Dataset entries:

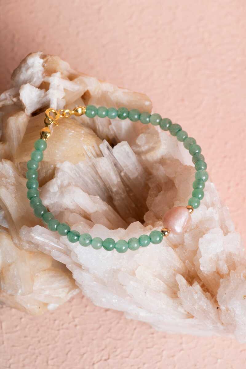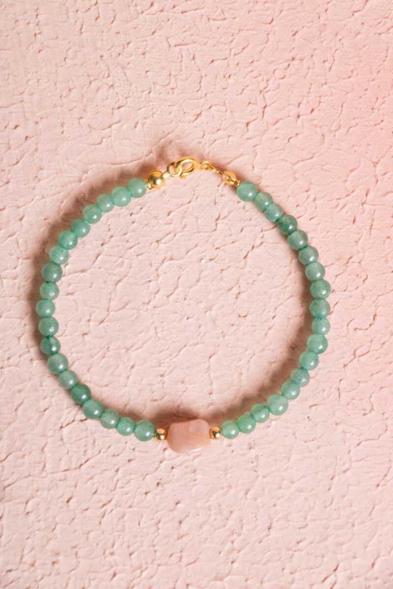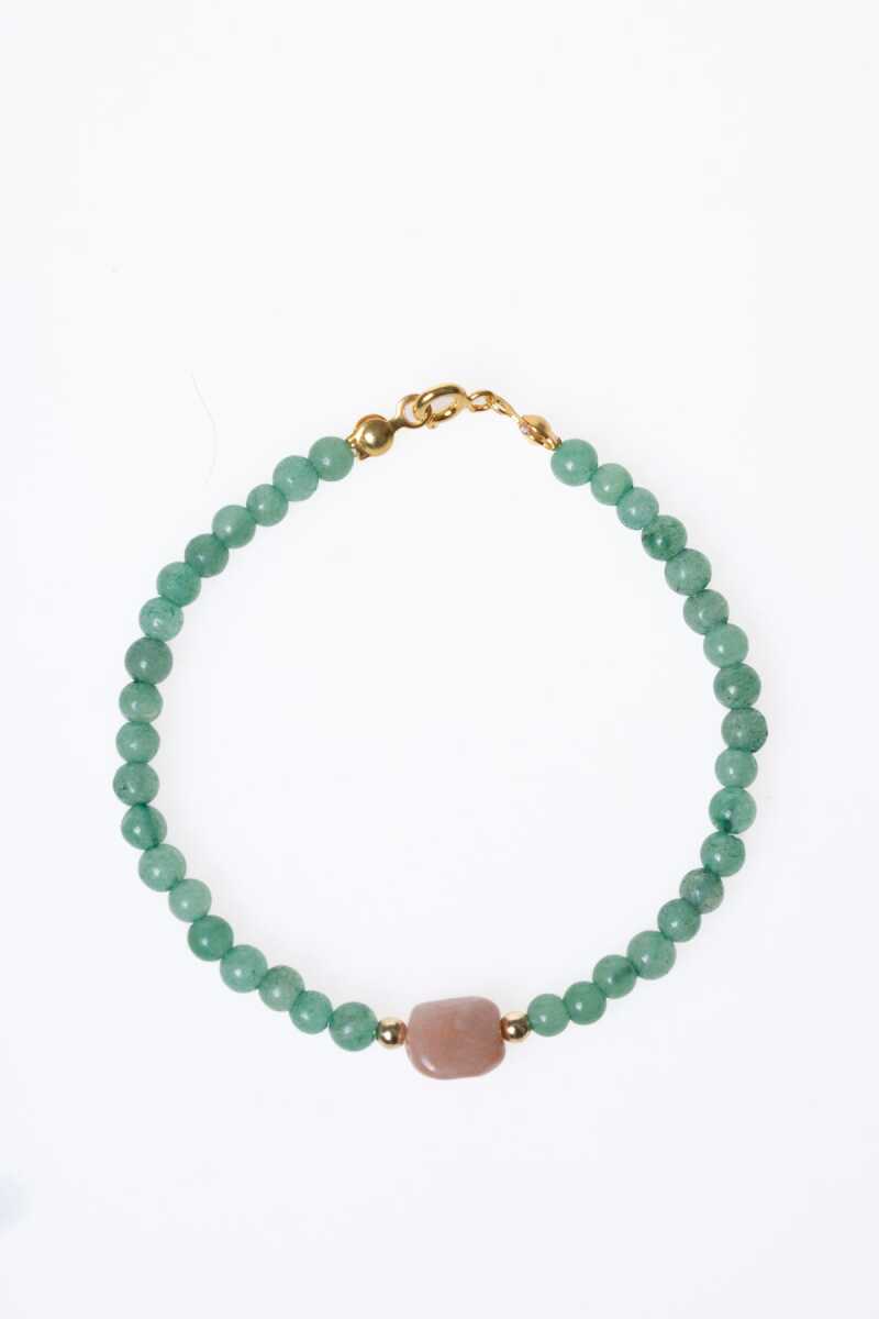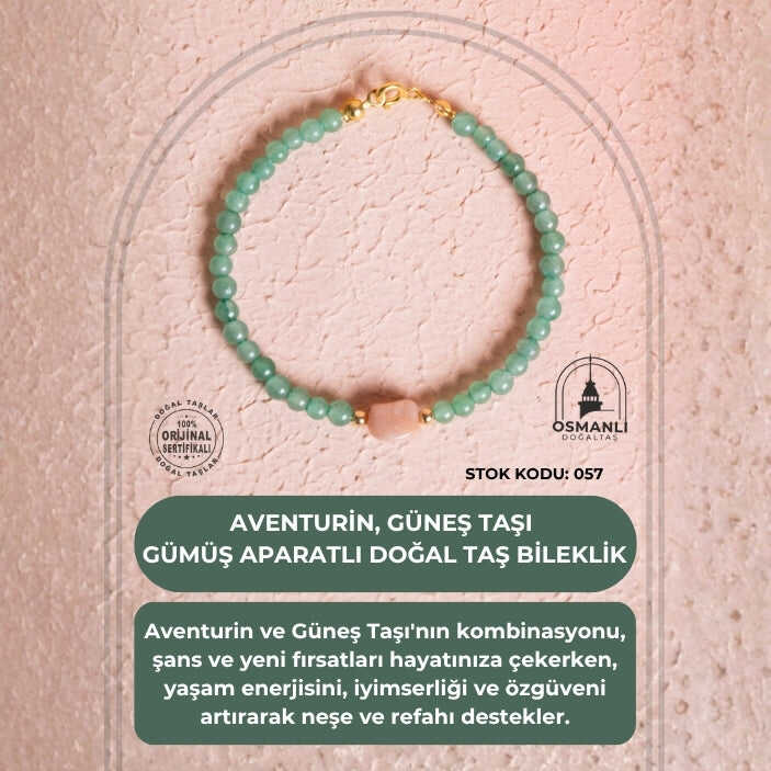 Sertifikalı Aventurin, Güneş Taşı Gümüş Aparatlı Doğal Taş Bileklik (SK:057)
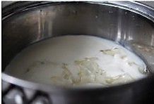 牛奶倒进汤锅里烧热,控制好温度,不要烧到沸腾的程度。把鱼胶片和白糖放在牛奶里搅拌融化,关火,晾凉。
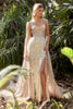 Indulge in the ethereal beauty of this Enchanting Eve gown. Its sheer bustier bodice, adorned with corset boning accents, creates an alluring and structured appeal. The sleeveless design and open back add to the captivating look. The opulent skirt unveils a sleek sheath silhouette, while a gossamer overskirt gracefully originates from the waist, adding an ethereal touch that enhances the ensemble's charm. Perfect for formal events, weddings, proms, and special occasions where you desire to make a statement of elegance and sophistication.
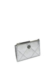 Elevate your everyday essentials with this stunning silver cow leather card holder from Tory Burch. Crafted from luxurious metallic leather with an eye-catching quilted geometric pattern, this compact accessory combines sophistication with functionality.
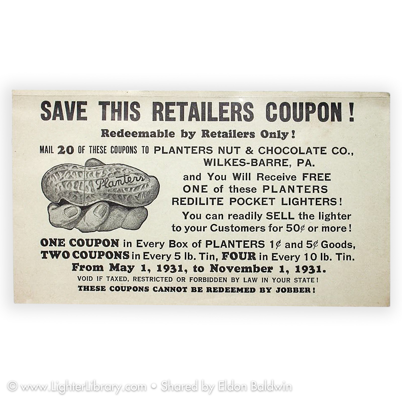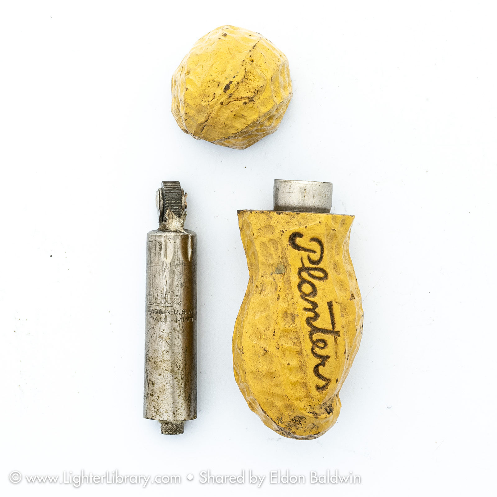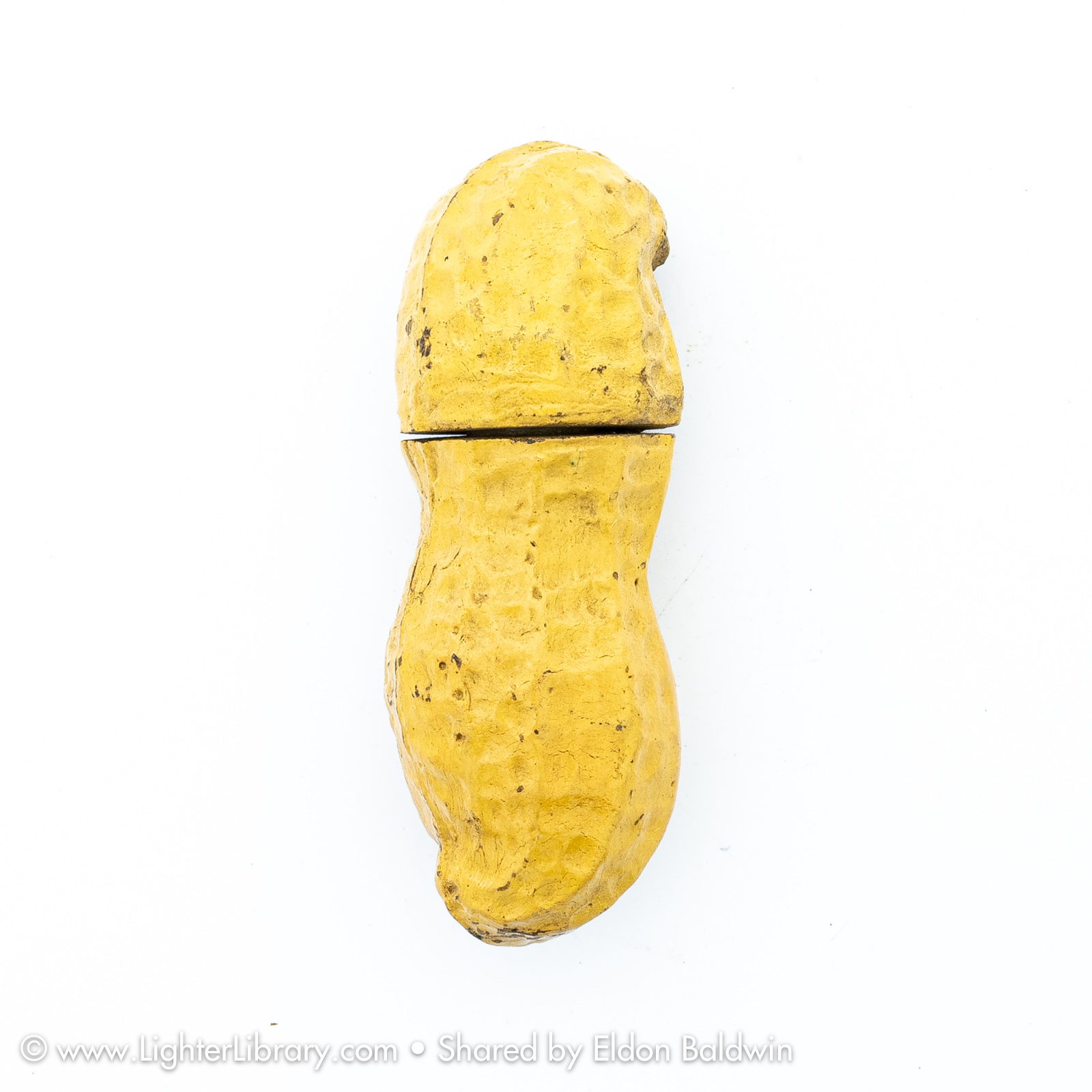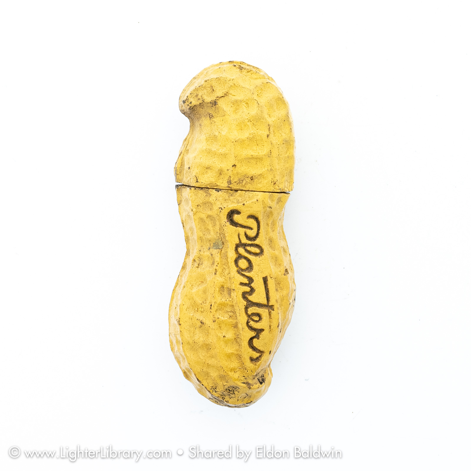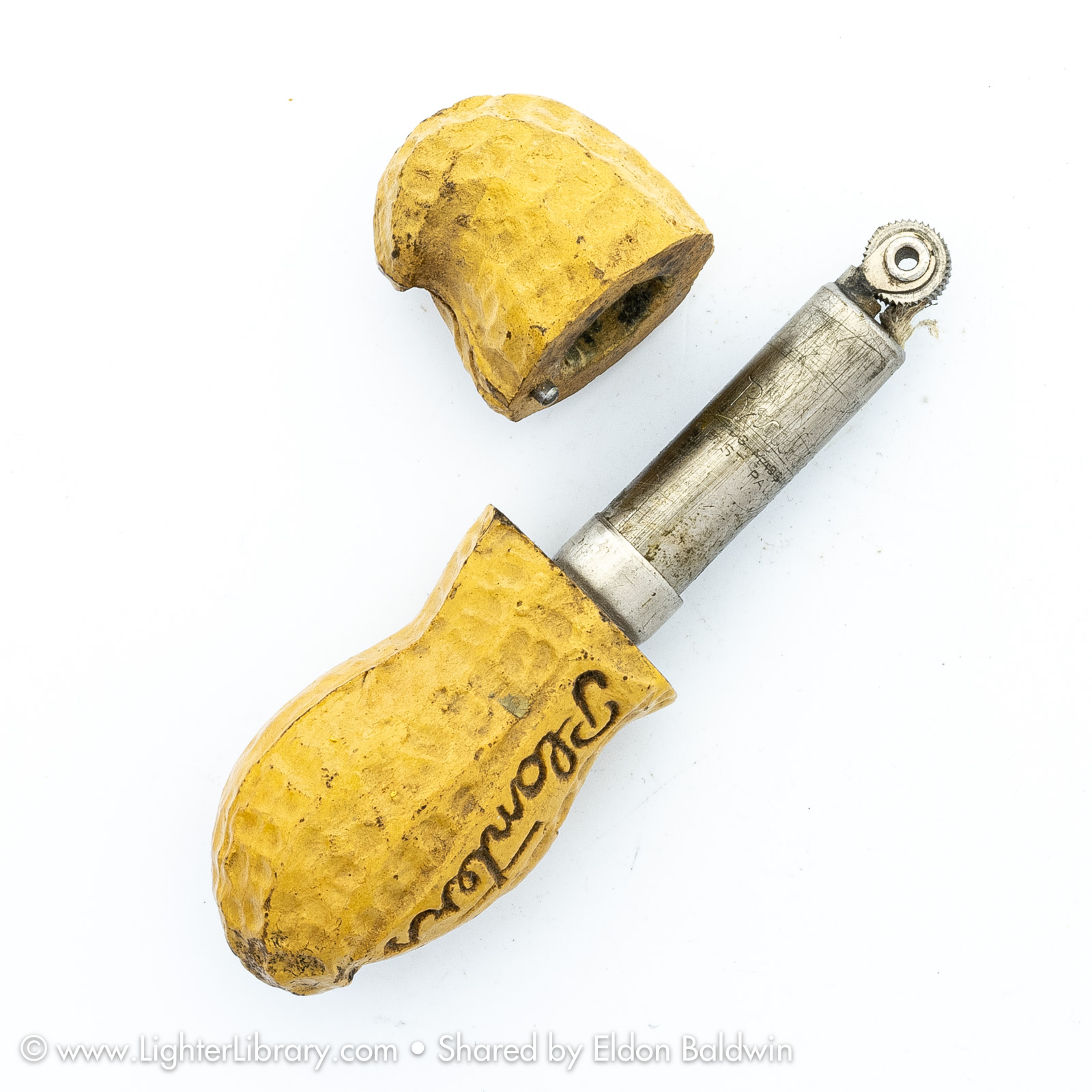 A figural advertising lighter that utilizes a Redilite mechanism, the peanut-shaped casing is made from painted wood. These lighters were produced for the Planters Nut and Chocolate Company during the early 1930s. (EB)
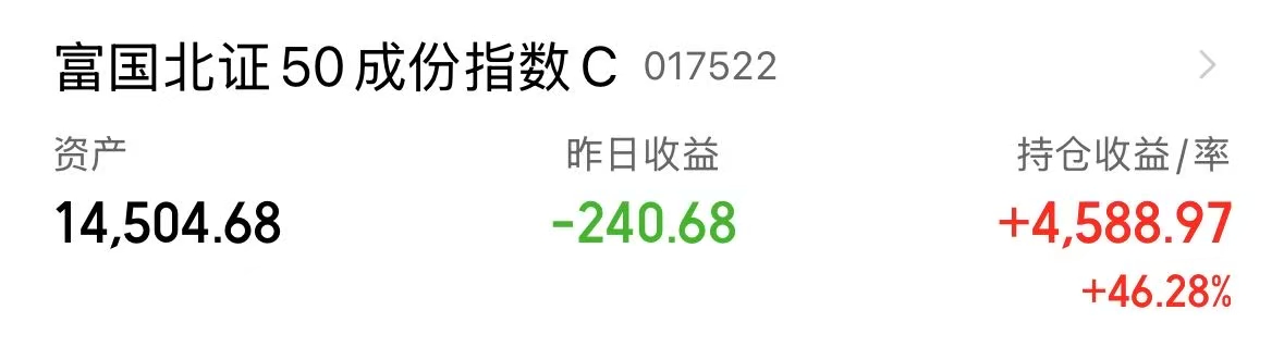 今天我不动,北证50回踩,他的盘子比较小,弹性也更大,继续回次啊,我再加$富国北证50成份指数C(OTCFUND|017522)$
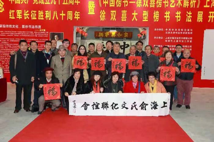 徐老师深厚的艺术造诣和人格魅力得到了大家一致好评!俞健飞会长表示:以后上海俞氏文化联谊会举办的大型活动地点将把徐双喜上海榜书艺术馆做为首选!

» **Activity**
Leave out the pictures, and please output only the lines from the line that contains "Elevate your everyday" through the end of the data, both ends included.

» **Result of this exercise**
 Elevate your everyday essentials with this stunning silver cow leather card holder from Tory Burch. Crafted from luxurious metallic leather with an eye-catching quilted geometric pattern, this compact accessory combines sophistication with functionality.
 A figural advertising lighter that utilizes a Redilite mechanism, the peanut-shaped casing is made from painted wood. These lighters were produced for the Planters Nut and Chocolate Company during the early 1930s. (EB)
 今天我不动,北证50回踩,他的盘子比较小,弹性也更大,继续回次啊,我再加$富国北证50成份指数C(OTCFUND|017522)$
 徐老师深厚的艺术造诣和人格魅力得到了大家一致好评!俞健飞会长表示:以后上海俞氏文化联谊会举办的大型活动地点将把徐双喜上海榜书艺术馆做为首选!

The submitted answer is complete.